South China Institute of Botany Gets Grant of Key Program from Natural Science Foundation of China on Forest Transpiration
With previous projects funded by Natural Science Foundation of China (NSFC), Chinese Academy Science Knowledge Innovative Program and Natural Science Foundation of Guangdong Province, the Research Group of Ecosystem Physiology, headed by Prof. ZHAO Ping, has conducted research on plantation water use and H2O/CO2 exchange fluxes between forest canopy and atmosphere. This year they applied and successfully won a grant of key program from NSFC based on the long-term research effort. The coming new fund will mainly focus on the coordinated regulation of forest transpiration with special references to vegetation restoration and global warming.

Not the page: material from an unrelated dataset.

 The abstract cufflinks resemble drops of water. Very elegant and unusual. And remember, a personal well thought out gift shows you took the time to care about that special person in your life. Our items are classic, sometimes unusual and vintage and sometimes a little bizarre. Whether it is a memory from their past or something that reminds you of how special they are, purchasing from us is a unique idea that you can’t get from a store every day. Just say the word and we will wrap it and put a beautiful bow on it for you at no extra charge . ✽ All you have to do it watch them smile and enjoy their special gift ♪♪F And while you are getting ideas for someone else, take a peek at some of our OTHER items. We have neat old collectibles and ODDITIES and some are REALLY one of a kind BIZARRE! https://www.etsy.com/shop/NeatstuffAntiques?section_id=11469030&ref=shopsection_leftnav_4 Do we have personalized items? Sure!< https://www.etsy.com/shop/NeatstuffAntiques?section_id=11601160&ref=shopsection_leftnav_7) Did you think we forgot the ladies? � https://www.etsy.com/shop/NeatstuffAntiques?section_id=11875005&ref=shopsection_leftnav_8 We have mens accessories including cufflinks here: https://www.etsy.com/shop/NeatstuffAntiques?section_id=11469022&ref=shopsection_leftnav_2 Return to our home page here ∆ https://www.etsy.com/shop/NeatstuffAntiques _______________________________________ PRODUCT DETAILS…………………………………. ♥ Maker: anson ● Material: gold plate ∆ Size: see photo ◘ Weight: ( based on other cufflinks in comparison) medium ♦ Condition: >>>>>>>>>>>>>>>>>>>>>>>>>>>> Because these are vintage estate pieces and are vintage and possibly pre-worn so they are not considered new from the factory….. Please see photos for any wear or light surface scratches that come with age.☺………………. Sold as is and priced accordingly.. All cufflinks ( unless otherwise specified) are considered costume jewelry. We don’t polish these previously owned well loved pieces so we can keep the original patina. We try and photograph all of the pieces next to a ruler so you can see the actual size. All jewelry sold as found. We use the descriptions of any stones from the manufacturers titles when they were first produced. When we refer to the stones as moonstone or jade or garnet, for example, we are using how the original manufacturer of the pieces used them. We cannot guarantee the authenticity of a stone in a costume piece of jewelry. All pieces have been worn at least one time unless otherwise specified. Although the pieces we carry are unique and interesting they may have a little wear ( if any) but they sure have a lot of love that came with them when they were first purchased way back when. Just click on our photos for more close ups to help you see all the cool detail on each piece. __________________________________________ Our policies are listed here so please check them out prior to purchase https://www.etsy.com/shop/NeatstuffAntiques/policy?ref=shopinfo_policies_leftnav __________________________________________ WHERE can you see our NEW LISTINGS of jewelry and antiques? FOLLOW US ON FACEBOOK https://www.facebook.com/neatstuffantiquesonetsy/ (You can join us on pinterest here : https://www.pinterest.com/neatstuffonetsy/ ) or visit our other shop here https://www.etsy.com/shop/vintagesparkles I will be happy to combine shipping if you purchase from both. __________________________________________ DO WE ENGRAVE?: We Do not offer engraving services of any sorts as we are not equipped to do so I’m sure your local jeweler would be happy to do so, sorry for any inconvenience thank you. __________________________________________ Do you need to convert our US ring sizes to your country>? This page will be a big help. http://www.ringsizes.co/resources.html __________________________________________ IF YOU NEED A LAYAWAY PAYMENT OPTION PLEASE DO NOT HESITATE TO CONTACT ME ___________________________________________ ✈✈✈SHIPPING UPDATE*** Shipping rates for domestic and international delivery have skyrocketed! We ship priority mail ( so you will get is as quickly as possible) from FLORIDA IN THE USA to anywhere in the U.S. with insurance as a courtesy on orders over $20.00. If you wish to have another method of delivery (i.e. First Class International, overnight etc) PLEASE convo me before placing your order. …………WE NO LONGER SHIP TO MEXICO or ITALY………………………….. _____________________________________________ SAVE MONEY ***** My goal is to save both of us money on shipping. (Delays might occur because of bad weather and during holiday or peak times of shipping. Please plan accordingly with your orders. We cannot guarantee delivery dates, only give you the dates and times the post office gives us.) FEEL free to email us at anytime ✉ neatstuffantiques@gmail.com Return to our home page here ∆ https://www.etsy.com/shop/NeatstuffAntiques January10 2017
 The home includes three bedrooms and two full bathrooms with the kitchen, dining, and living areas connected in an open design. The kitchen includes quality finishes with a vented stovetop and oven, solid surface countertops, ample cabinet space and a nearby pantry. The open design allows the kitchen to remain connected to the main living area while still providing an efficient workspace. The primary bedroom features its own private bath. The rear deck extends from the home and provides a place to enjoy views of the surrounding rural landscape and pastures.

Climate warming alters the rainfall pattern at local scales. Meanwhile the large area re-vegetation inevitably causes impact on local water budget. How forests regulate transpiration in order to adapt to the new distribution pattern of water and to maintain effective water use is a pressing issue needing to be addressed. The response of canopy stomatal conductance (Gs), a determinant for efficiency of forest transpiration, to evaporative demand is affected by tree hydraulic architecture. Because of the complexity of forest canopy, the vapor exchange between forest and atmosphere is in most cases decoupled. Therefore it could hardly describe the regulation of water flux accurately if only based on stomatal changes.

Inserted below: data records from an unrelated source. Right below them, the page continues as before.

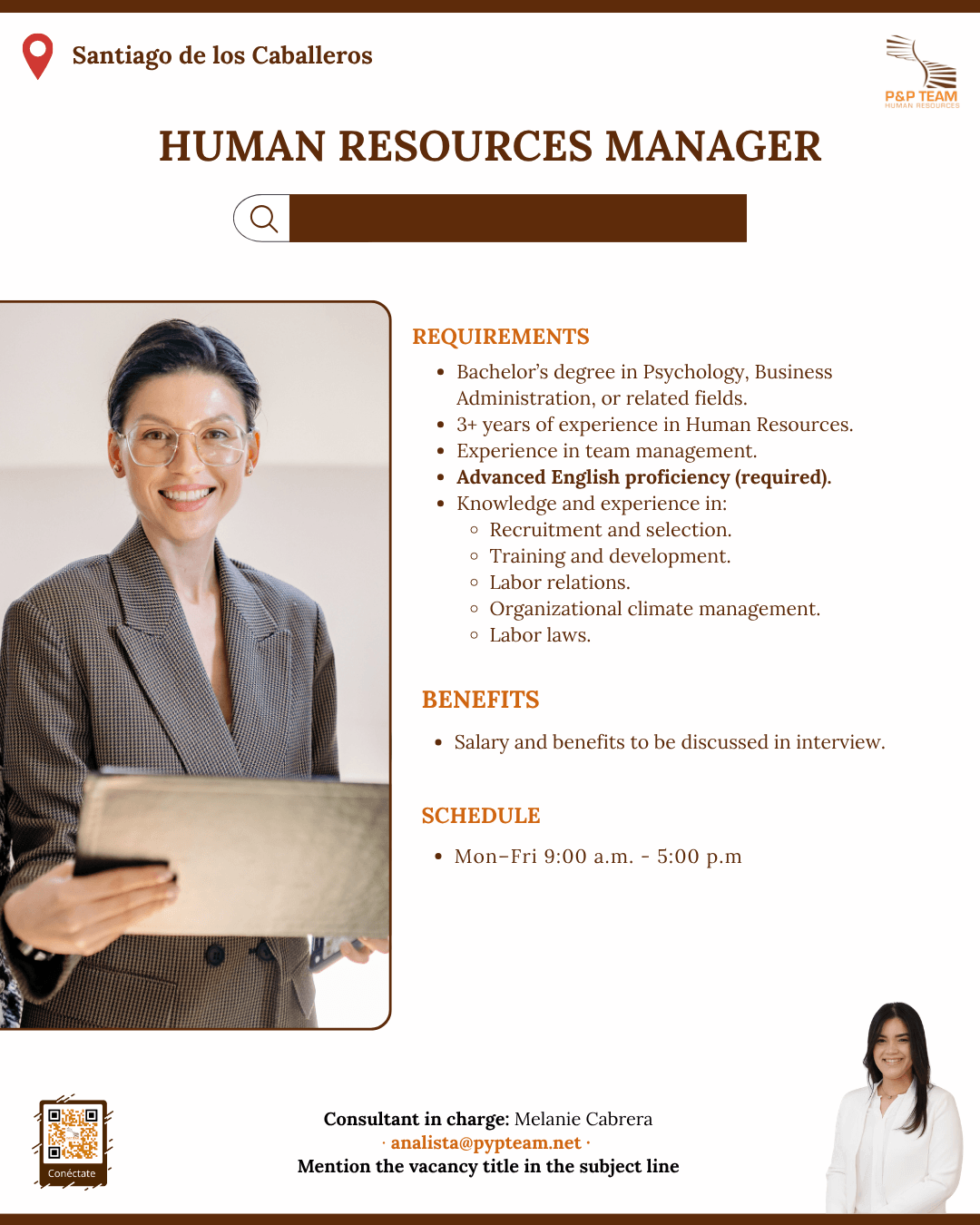 Responsible for managing processes related to the company’s human talent, including recruitment and selection, onboarding, personnel file management, labor relations, and supporting compliance with human resources policies and standards.
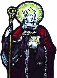 Etheldreda died of a quinsy, which she regarded as a punishment for her former love of dress and, in particular, for having worn jewels on her neck. An incision was made into her throat, by a surgeon who afterwards swore to the healing of the wound after death. Hence her patronage of sufferers of throat complaints. Etheldreda is one of the most popular of English saints, and there are more dedications in her name in England than in that of any female saint of the early Anglo-Saxon Church. Her feast day is the anniversary of her death, 23rd June.
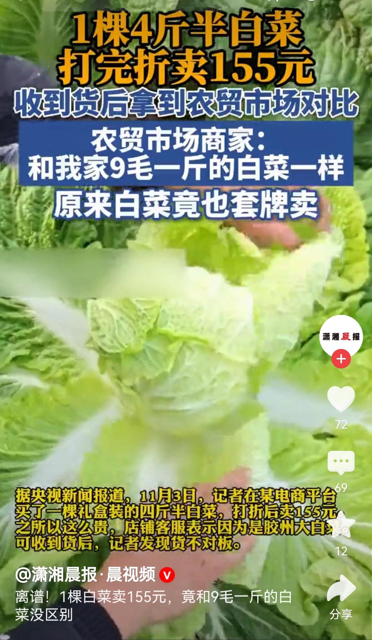 155元一棵白菜和9毛一斤的白菜一样一颗白菜卖155元,你买不?反正我是不买!不是买不起,而是值不值得的问题。事实一再证明,凡是违反自然规律和常规的事情,背后必然存在不可告人的“妖气”。白菜就是白菜,因种植地域不同,可能口感有所差异,难道还能吃出牛肉的感觉?这件事让我想起之前赵本山的小品《策划》,呵呵!这颗白菜难道也是“白菜中的战斗机”?

The new project hypothesizes that hydraulic conductance and canopy stomatal conductance of trees jointly control the response of forest water use to evaporative demand in coordination of water potential threshold of tree. To reveal the mechanism of coordinated regulation of forest transpiration by Gs and hydraulic conductance, the leaf gas exchange, sap flow, micrometeorological as well as other environmental factors will be integrated to investigate the decoupling coefficient between canopy and atmosphere. The effect of hydraulic conductance calculated from sap flow and leaf-to-soil water potential gradient on the response sensitivity of Gs to vapor pressure deficit will also be studied. It is expected that research results might help to assess the potential ecological effect of forest on water resource use under the future climate scenarios.